Culprit 1: Poor sender reputation ISPs track your sender reputation. How many emails do you send? What percentage bounce? What percentage get reported as spam? ISPs use this data to decide: should I trust this sender?

If your reputation is poor, ISPs filter your emails to spam automatically. Even if your email is perfect.

You build sender reputation by sending to valid addresses, getting opens and clicks, and respecting unsubscribe requests. You destroy it by sending to invalid addresses, getting complaints, or ignoring unsubscribes.

Culprit 2: Weak authentication Authentication proves you own the domain you're sending from. It tells ISPs: this is really Optimite, not someone spoofing Optimite's domain.

Without proper authentication, ISPs assume your email is fake. They send it to spam.

Culprit 3: High complaint rate When someone marks your email as spam, ISPs record that. They track it. If your complaint rate gets too high, ISPs block you automatically.

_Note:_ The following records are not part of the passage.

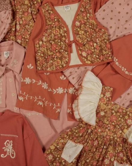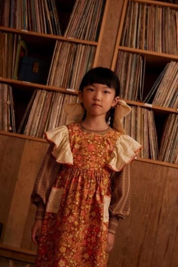可愛らしい新作のウルシーナ・ピナフォアは、温かみのある色合いのレトロな秋の収穫祭の花柄で登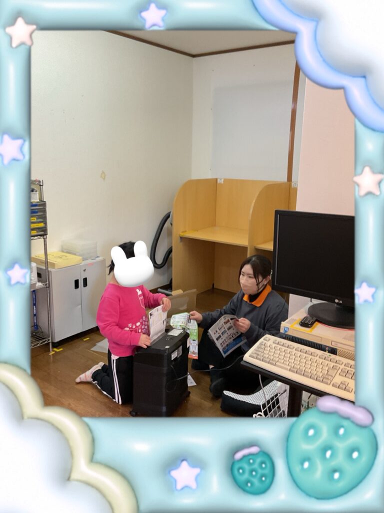 シュレッダーのお手伝いをしてます。スタッフが千切っていく紙を取りシュレッダーの中に1枚ゆっくり入れて安全に行なっていました^_^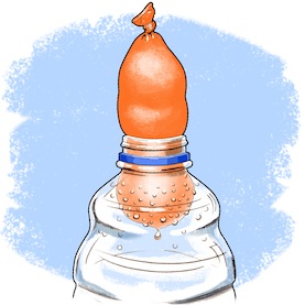 描述所发生的情况还有一种方法是用“吸”这个词,因为水气球是被吸进瓶子的。但是吸是个误导的概念!我们说“吸”这个概念实际指的是液体或气体推某件物体,并且伴随着大小相同的反推力的存在。你可以通过简单的吸出一个空瓶子内的空气压缩这个瓶子。外面空气的压强导致了瓶子的缩小,因为你吸走了里面反推的空气!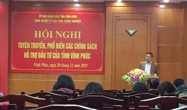 Mới đây, tại Trung tâm Hội nghị tỉnh Vĩnh Phúc, Ban Quản lý các khu công nghiệp tiếp tục tổ chức “Hội nghị tuyên truyền phổ biến các chính sách hỗ trợ đầu tư của tỉnh Vĩnh Phúc”. Tới dự có lãnh đạo Ban Quản lý các KCN, Liên minh HTX Vĩnh Phúc và đại diện các doanh nghiệp đang hoạt động tại các KCN Vĩnh Phúc.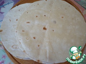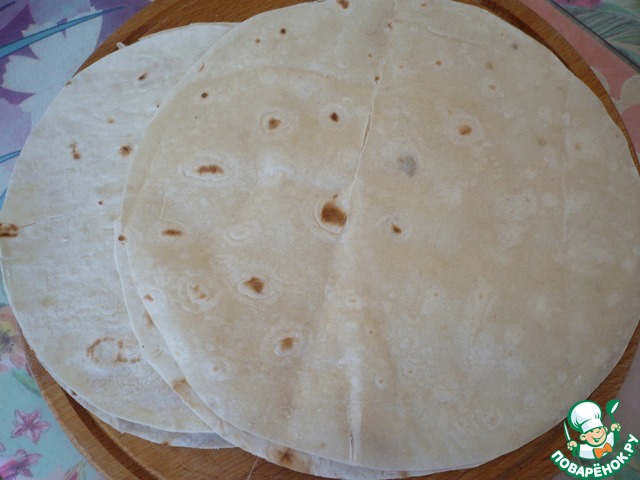 9. Теперь берем тонкий "армянский лаваш" вырезаем 4 круга по размеру сковородок.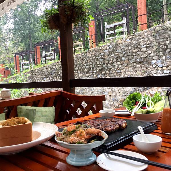 终于来到了传说中的怀柔虹鳟鱼一条沟 朋友极力推荐泰莲庭老鳟鱼餐吧 泰莲庭也是京郊小有名气的度假村 山里的空气清新,环境很美 烤鱼和泰餐的味道也相当正餐厅位于怀柔雁栖镇 距离北京市区70多km 这边叫不夜谷,名气挺大的 几个度假村相距不远 泰莲庭的建筑是砖红色的 从路边经过就可以看到,非常明显 进不夜谷后车速不快一般不会错过看网上的评价这家很火 提前打电话给餐厅订座位 餐厅回复中午11点开餐 早点来不需要订座位,可以直接过来 上午9点多从市区出发 走京承高速,一路高速路非常好走 会经过雁栖湖,那边路修的非常好 周围景色也很漂亮 需要注意的是那段路有限速 过了雁栖湖路段走上双向的车道后 大约再开30分钟左右就到了餐厅的面积挺大的,室内室外2个区域,还有2层露台 装修是典型的泰式风的 据说泰餐做的也非常地道室内在落地窗边有舒适的沙发座 桌子很大,空间宽敞 旁边也有圆桌多人桌在夏天这个季节过来 落地窗外景色也很棒,满眼郁郁葱葱山里的温度比市区低一些 户外区域靠着一条小河沟 周围宽阔,时不时有风吹过,一点也不晒非常喜欢这里的装修 尤其是户外区域座位旁很大面积的水池 仿佛置身泰国小岛上的度假村座位是木制的户外家具,有阳伞 上面有坐垫,座位之间空间很大 环境舒适,惬意靠近小河沟的景观位上有靠垫 6人的位置,旁边有一排2人桌小桌花园里的盆栽也是泰式风格的 对面小棚子下还有一只鹦鹉我们来的比较早还没到开餐时间 2个人坐了6人桌 落座后服务员会主动端上2杯常温的水 是免费的餐厅的菜单有2种,一种是纸质的 另一种是直接用手机扫码,用手机下单点餐 非常方便餐单的种类也很丰富,除了招牌烤鱼 还有泰餐和烧烤到开餐时间我们已经点好菜了,很快就下单了 上菜速度凉菜上的比较快的 热菜的话稍慢,但总体来说可以接受烤鱼端上来后闺蜜吃了几口 跟服务员沟通说希望吃烤的焦一些的 服务员态度很好,又端回去帮我们又烤了一会儿凉菜我们点了蔬菜拼盘 是生的菜蘸酱吃的,酱的味道有点类似甜面酱 菜量很大,最后我们没有吃完 蔬菜非常新鲜,没有蔫的面包咖喱鸡肉看起来量不是很大 吃的时候觉得挺多的 咖喱的味道是泰国的泰式咖喱 既不像日式咖喱偏甜,也不像印度咖喱辣味多 就是刚刚好的浓稠的咖喱 鸡肉的肉质也比较嫩 想起来去年在普吉岛度假的时候 对泰国美食有太多美好的回忆加时间再烤焦一点点的烤鱼 外皮超酥,肉质很嫩 个头也不小,两个人吃有点多 口味不是很重,开始担心会很咸 实际刚刚好,很好吃青木瓜沙拉,每次必点的 分量很足,有鱿鱼,虾,拌的很入味 可能是到这边后换了环境心情好 吃每道菜都觉得幸福满满饮料我们点了奶茶 是冰的,口感很滑 瓶装的,量也不小 菜单上的酒水种类不是很多 度假村前台那边有一个超市 可以去超市里买瓶装饮料带过来喝 点餐时餐厅服务员告诉我们的 服务也是不错的 用餐期间一直有服务员在附近 也有主动帮我们加水 闺蜜提出希望鱼烤的再焦一点 餐厅服务员也很快响应了 服务是比较高效的 服务员身上有对讲机 价位2个人点了300多的 最后烤鱼和青木瓜沙拉没有吃完 打包了 价格肯定是比吃农家院高的 但是整体性价比是非常不错的 光是这边的环境就值了 菜品的出品也都不错 总体来说非常满意的 在泰莲庭度过了一个愉快的周末 餐后我们去了附近的景区 是比较原生态的山山水水 来到这边感觉生活节奏慢了下来 眼前的景色也从高楼林立和拥挤的人群 变成了空旷的山谷,林间小路 闭上眼深呼吸,心情也放松了很多

A complaint rate above 0.1% is dangerous. Above 0.5% is a crisis.

Culprit 4: List fatigue and engagement collapse If people stop opening your emails, ISPs notice. They use engagement as a signal of whether your email is wanted. Low engagement equals low reputation.

Sending too frequently, poor segmentation, or irrelevant content all tank engagement. Which tanks reputation. Which kills deliverability.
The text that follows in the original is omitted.